E-module I&A
Prokaryoten
- Prokaryoten hebben geen organellen
- Eubacteriën (gewone bacteriën, meer dan 1 miljoen soorten)
- Archaebacteriën (oerbacteriën, ca. 200 soorten)
Virussen
- Obligaat intracellulair: kunnen zich alleen vermenigvuldigen in levende cellen
- Virussen zijn over het algemeen gastheerspecifiek dus infectieus voor één bepaalde
(dier)soort.
Afweer (immuniteit)
- Innate afweersysteem spoort snel pathogenen op en valt deze aan door
fagocytose(omsluiten en afbreken). Vaak niet in staat om alle pathogenen te doden.

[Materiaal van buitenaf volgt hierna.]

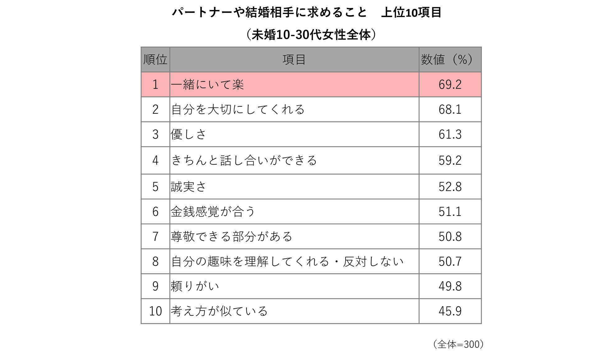 ・パートナーや結婚相手に求めることの上位10項目を見ると、「一緒にいて楽」が69.2%で最上位に。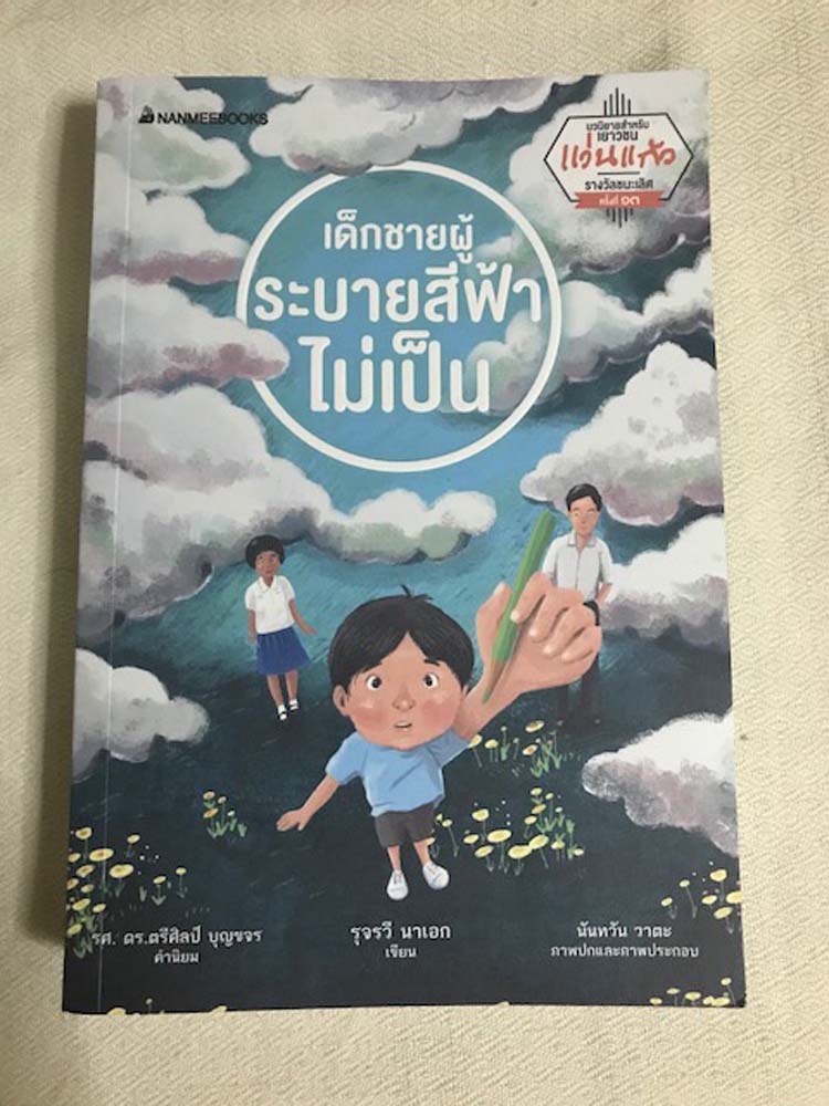 นวนิยายสำหรับเยาวชน รางวัลชนะเลิศรางวัลแว่นแก้ว ครั้งที่ 13 เด็กชายผู้ระบายสีฟ้าไม่เป็น เป็นเรื่องราวของเด็กตาบอดสีคนหนึ่งที่รักการวาดรูป ที่ถูกเพื่อนล้อเลียนและกลั่นแกล้งจนไม่กล้าวาดรูปอีก แม่เสียชีวิต พ่อจมอยู่กับความทุกข์ แต่พอขึ้นชั้นป.4 ได้พบกับครูศิลปะใจดีและให้กำลังใจ เขาจึงกลับมาวาดรูปอีกครั้ง และส่งเข้าประกวด เพื่อสนองความชอบตัวเองและจะมุ่งหวังคืนรอยยิ้มให้พ่อในเรื่องจะสะท้อนปัญหาครอบครัวไทยในหลายรูปแบบ นำเสนอแนวคิดบางครั้งผู้ใหญ่ก็แก้ปัญหาให้เด็กไม่ได้ เด็กสามารถแก้ปัญหาตัวเองและให้ผู้ใหญ่ได้ หนังสือเล่มนี้จำหน่ายเล่มละ 185 บาท

- Dendritische cel nemen pathogeen op en presenteren antigenen(een molecuul van
het pathogeen dat door het afweersysteem herkend kan worden en het activeert) te
presenteren aan de oppervlakte van de cel, deze wordt nu professioneel Antigeen
Presenterende Cel (pAPC) genoemd.
- pAPC’s migreren door de lymfevaten naar de lymfeklieren. Hier tonen ze de
antigenen aan de T-helpercellen en aan cytotoxische T cellen.
- Sommige T-helpercellen zijn verantwoordelijk voor het differentiëren van naïeve
B-cellen in plasmacellen, die op hun beurt weer antilichamen uitscheiden.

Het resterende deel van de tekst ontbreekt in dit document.